The Dance Class

"It is not funny. It is dancing."


The Dance Class
by siamak vossoughi

One year my mother and father took ballroom dancing classes. There was no one to watch me at home since my brother was away at college, so they would take me along.

They never felt comfortable in America in a way like it was theirs. But they didn't have to call it theirs to be happy. Whatever happened, they knew there was one other person who knew exactly how they felt being away from Iran. It gave a lot of adventure to doing things like taking ballroom dancing classes together.

There was a boy there who was the son of the dance teacher. He was a few years younger than me and he was in charge of music. He and I would have to dance together. It was the one time I remember learning something and looking over to see my mother and father learning it too. I was ten years old. The boy, Almeido, was seven or eight. He took his job very seriously as a way to show that he was proud of his mother.

I learned the dances faster than my mother and father because they would forget and dance as though the music was Iranian music. It made me sad and happy at the same time. Sad because even dancing was hard for them when they were used to a different kind of music, but happy because they were trying.

My father would joke around a lot.

"This dance is called the foxtrot?" he'd say to my mother.


"Do they think we are foxes?"

"No. You are supposed to think about how a fox moves."

"I don't think I have watched a fox move in a long time. Where am I supposed to go to watch foxes?"

I would hear him and try not to laugh because Almeido would be dancing very seriously.

My mother would laugh but on the way home she would say, "We are never going to learn if you are always being funny."

"But it is funny."

"It is not funny. It is dancing."

"I mean the whole thing is funny. One day we are in Iran trying to figure out how to live, and then the next day we are in America learning the foxtrot."

That part of it did seem funny to me.

"Well, save your laughter for when we get home."

"'Save your laughter for when you get home.' Okay. I can do that."

But the next time we went, it would be the same thing - my father making jokes and making my mother laugh.

"That boy takes it more seriously than you."

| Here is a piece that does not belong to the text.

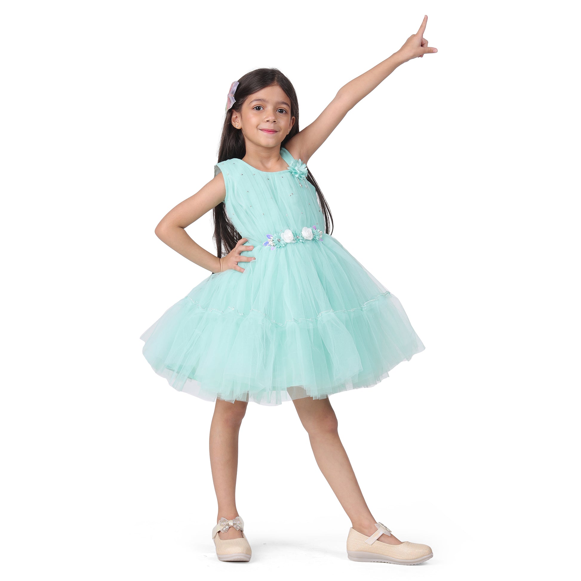 Itsmycostume Net Casual Knee Length Cute Frill Green Frock Dress for Girls Kids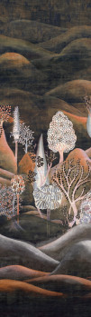 Vlies-Fototapete, Motiv Natur, Bäume, Landschaft. Grobe Stofftextur. Für größere Breite kombinierbar mit Tapete DGSUM2031 a DGSUM2033 – siehe Foto. Das Foto des Innenraums dient nur zur Veranschaulichung.

"That boy is a dancing genius. If my mother was a dance teacher, I would be as good as him too. As it was, my mother was a poet who could not read."

It was nice to dance with somebody who was a very good dancer, but I thought it would be nice to dance with somebody who was as funny as my father too.

There was one day that Almeido was sick and I could only sit and watch my mother and father and everybody else. My father made jokes and my mother laughed. They were the only people to have their own language to make jokes in. I thought it would be strange not to have that, to have the same language at home as out in the world. It would be harder to makes jokes out in the world. I guessed that's how it would have been if we had stayed in Iran, and I thought my father was right - it was the funniest thing to be in a different country.

"You ruined the class again," my mother said on the way home.

"How did I ruin it?"

"You said that you would save your laughter for when we get home."

"You're right. I did say that. But I can't do it."

"I know you can't do it."

"It is because it might not be funny when we get home."

"Will you please watch the boy next time? Will you please watch him and be like him?"

"He was not there tonight. I was planning on dancing like him. I think he's moved on to the advanced level."

"He's just sick," I said.

"Okay. Good. Next time I will watch him closely."

My father watched Almeido next time but it only made him laugh more.

"Look at this boy," he said to my mother. "How does this happen? How does a boy become a dancer like that? Do you know what I was like when I was seven?"

"You were not a dancer."

"No. I was not a dancer at all. And yet here he is. You can't argue with the logic of it. It is totally reasonable. His mother is a dance teacher."

There were things that sounded funny in Farsi, at least when my father said them, that wouldn't have sounded as funny in English. Mostly they were the basic facts that everybody already knew. My father loved those things that everybody already knew. If they all knew, then they agreed, and if they agreed, then they were all in on a joke.

It gave me a nice feeling of Iran to think that everybody there was interested in the basic facts that everybody already knew. I knew my father was just one man, but that's how it is when you're from a different country and your mother and father are two of the only people you know who are from there.

My mother gave up on getting my father to take the dance class more seriously. She knew that she would laugh each time and I would learn the dances at least from Almeido.

"You are lucky," my mother said when we were coming home from the last session of the class. "You are lucky that the teacher never said anything to you for all you jokes."

"Did she want to say something to me?"

"Yes. She didn't say anything because we brought Tala to dance with her son."

"Is that why?" My father looked at me. I nodded.

"Thank you, Tala," he said.

"You're welcome."

"What a crazy world."

The dance class was at the community center, and four times a year, once for each season, they sent out a brochure describing all the classes they offered. I would be very excited when it came in the mail because I'd want to sign up for the gymnastics classes.

The dance class was in the spring and when the summer brochure came, there was a big picture of my mother and father on the cover of it. They were smiling, looking like they were having a wonderful time learning how to dance.

When my father came home and saw it, he said, "It looks like we did learn to dance after all. I think I am doing the foxtrot in this picture."

"No," my mother said. "You are laughing at the foxtrot."

My father looked at the picture more closely. "I think you are right," he said.